Many centres, such as Dunedin and Timaru, adopted the entire "Boxer Service", as it was known, while others incorporated parts of it into the service that they had developed over the preceding years. More than the form, however, it was the sentiment one of deep symbolic mourning that was universal throughout New Zealand. It was an appropriate mood during the immediate postwar period. The legacy of the "Boxer Service", although reformed in later decades, is that it established the solemn mood of ANZAC Day observances in New Zealand, and one in stark contrast with the more celebratory nature of the observance in Australia.
By 1920 it was apparent that most New Zealanders wanted ANZAC Day observed as a sacred day and later that year the government finally introduced the ANZAC Day Bill with the purpose of legislating the day as a "close" holiday. The bill passed all of its readings with bipartisan support, but at the third reading Prime Minister William Massey removed the words "and in all respects as if ANZAC Day were a Sunday" and amended the bill so that only hotels and race meetings could not operate. The impact of this change, according to Quick March, was to make ANZAC Day 1921 a "muddled holiday". While most businesses closed, some theatres and picture shows had remained open. The day had to be strictly one of sombre mourning, with any form of entertainment being viewed as disrespectful to the dead and their families.

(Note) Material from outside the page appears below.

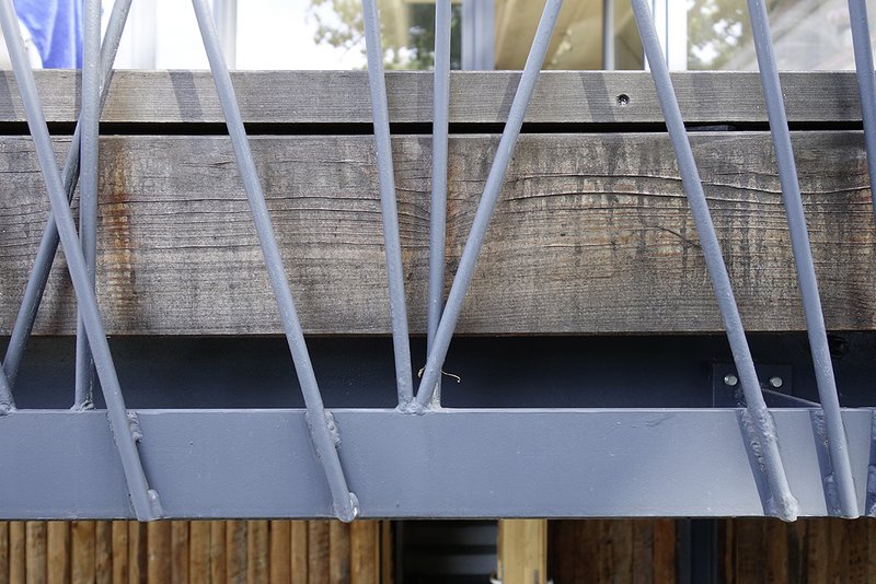 Holzdeck / Balkon:Der Bauherr konnte eine Maschinenbühne in seinem Betrieb vor der Verschrottung retten. Diese dient als Unterkonstruktion für das Holzdeck auf der Südseite. Eine Stahlbrüstung wurde als leichtes spielerisches Stabwerk ergänzt.

In response to renewed RSA pressure, Minister of Internal Affairs William Downie Stewart, an RSA member himself, successfully introduced the ANZAC Day Amendment Bill in October 1921. He argued that it would answer "a very widespread demand for the reinstatement of the original request of the returned soldiers namely, that the day should be treated as a holy day, as a Sunday".

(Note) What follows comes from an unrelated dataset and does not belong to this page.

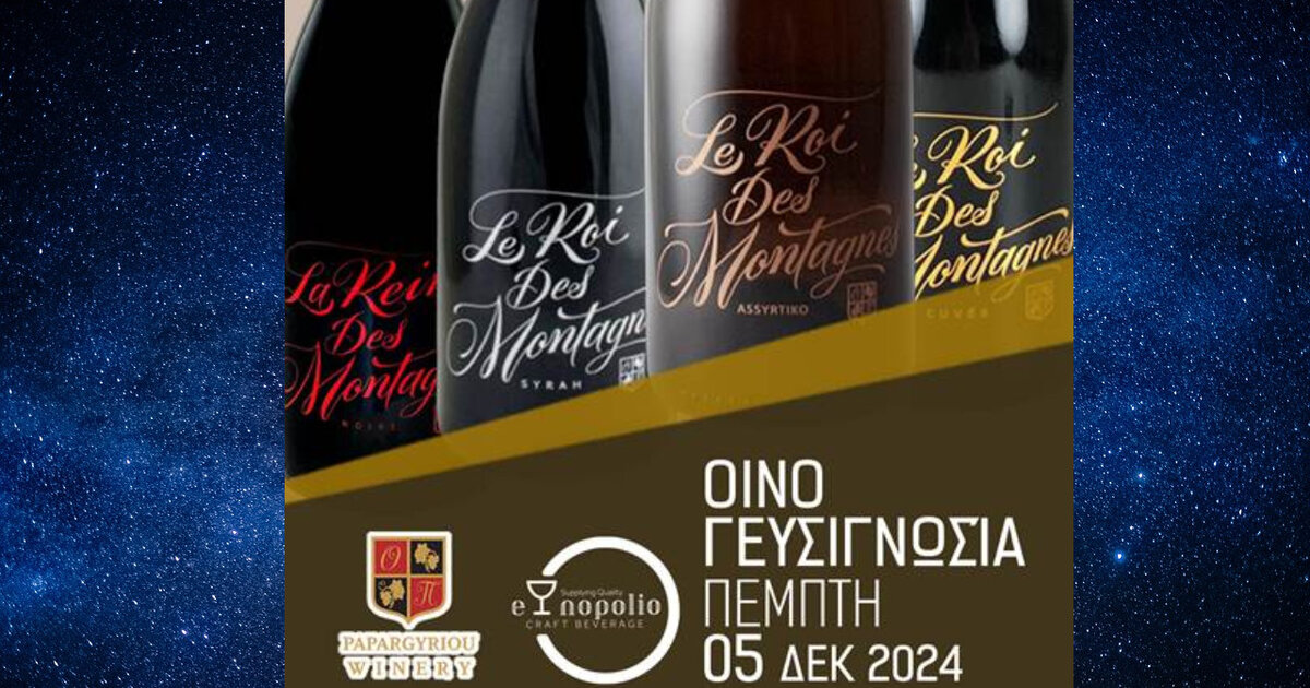 Η εκδήλωση οινογευσιγνωσίας θα πραγματοποιηθεί την ερχόμενη Πέμπτη 5 Δεκεμβρίου 2024, στις 20:30.

ANZAC Day 1922 was observed throughout New Zealand as a full statutory holiday; for most people, however, it was a holy day. Another symbol of remembrance the red poppy also made its appearance for the first time this year as a result of the RSA's successful inaugural Poppy Day Appeal on 24 April. After five years of relentless pressure, the RSA could finally herald the day as a "worthy" tribute to the memory of the dead. The sanctification of ANZAC Day had been completed. In pressing this issue the RSA had kept faith with the families of the dead and expressed the feelings of the majority of New Zealanders.
The solemnity as well as sombreness of ANZAC Day 1922 was a far cry from the almost celebratory observance by soldiers in Egypt on the first ANZAC Day back in 1916. After a commemorative service that had included the playing of the Last Post, followed by a holiday, including the playing of football. What had happened in the intervening years? The RSA was keeping faith with the war dead and their families, who required a special day of remembrance. This was the public ritual of ANZAC Day promoted by the RSA, but it also oversaw a private ritual of its own members later in the day. The soldiers' ritual centred on ANZAC Day reunion dinners or more informal gatherings in RSA clubrooms. The themes of comradeship and remembrance permeated this ritual. The soldiers' ritual was not sombre nor greatly spiritual like the public ritual but then returned soldiers did not share the public's mythology of war; only its reality. The talk turned to past mates and wartime events, some of which were best left untold to family and friends. For the returned soldiers themselves, however, these gatherings were just as important as the public ritual was for grieving families, to enable them to remember on this their "one day of the year". What both rituals shared in common was remembrance.